START Task inputs

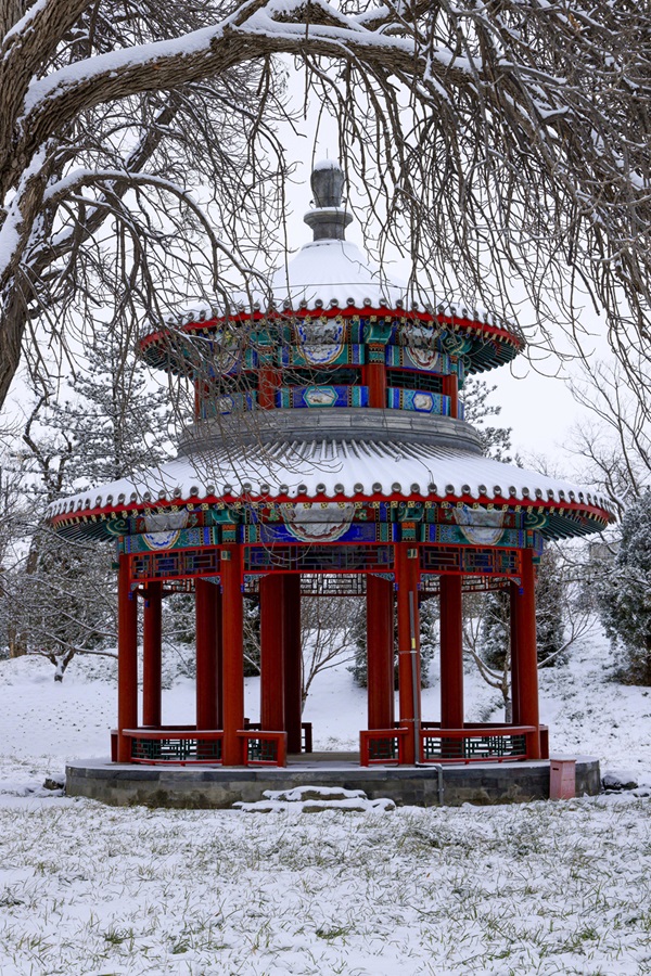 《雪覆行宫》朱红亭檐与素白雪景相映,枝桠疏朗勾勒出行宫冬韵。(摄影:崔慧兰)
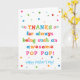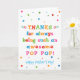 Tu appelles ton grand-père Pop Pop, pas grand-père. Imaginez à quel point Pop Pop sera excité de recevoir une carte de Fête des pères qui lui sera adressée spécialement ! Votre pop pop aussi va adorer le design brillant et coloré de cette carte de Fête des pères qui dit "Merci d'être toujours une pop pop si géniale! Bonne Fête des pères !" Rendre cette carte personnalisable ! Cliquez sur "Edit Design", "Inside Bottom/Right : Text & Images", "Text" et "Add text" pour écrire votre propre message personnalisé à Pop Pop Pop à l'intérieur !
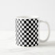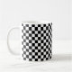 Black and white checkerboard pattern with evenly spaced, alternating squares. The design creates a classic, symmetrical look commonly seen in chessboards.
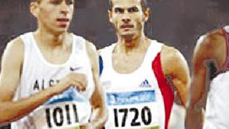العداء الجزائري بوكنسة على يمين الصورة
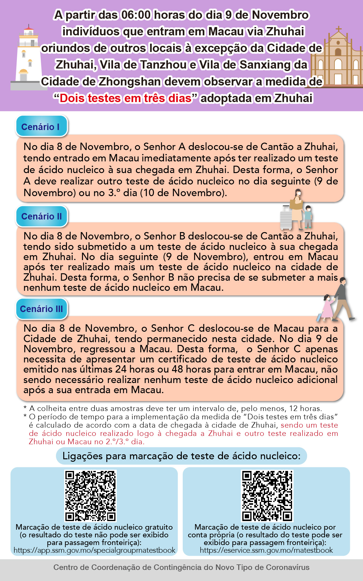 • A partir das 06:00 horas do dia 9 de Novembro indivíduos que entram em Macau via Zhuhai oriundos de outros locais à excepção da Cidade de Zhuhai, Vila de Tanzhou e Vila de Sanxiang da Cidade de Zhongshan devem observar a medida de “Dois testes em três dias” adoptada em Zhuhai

END Task inputs

▸ Problem requirements: Write out the whole listing exactly, and drop the pictures.

▸ Exercise response:
 《雪覆行宫》朱红亭檐与素白雪景相映,枝桠疏朗勾勒出行宫冬韵。(摄影:崔慧兰)
 Tu appelles ton grand-père Pop Pop, pas grand-père. Imaginez à quel point Pop Pop sera excité de recevoir une carte de Fête des pères qui lui sera adressée spécialement ! Votre pop pop aussi va adorer le design brillant et coloré de cette carte de Fête des pères qui dit "Merci d'être toujours une pop pop si géniale! Bonne Fête des pères !" Rendre cette carte personnalisable ! Cliquez sur "Edit Design", "Inside Bottom/Right : Text & Images", "Text" et "Add text" pour écrire votre propre message personnalisé à Pop Pop Pop à l'intérieur !
 Black and white checkerboard pattern with evenly spaced, alternating squares. The design creates a classic, symmetrical look commonly seen in chessboards.
العداء الجزائري بوكنسة على يمين الصورة
 • A partir das 06:00 horas do dia 9 de Novembro indivíduos que entram em Macau via Zhuhai oriundos de outros locais à excepção da Cidade de Zhuhai, Vila de Tanzhou e Vila de Sanxiang da Cidade de Zhongshan devem observar a medida de “Dois testes em três dias” adoptada em Zhuhai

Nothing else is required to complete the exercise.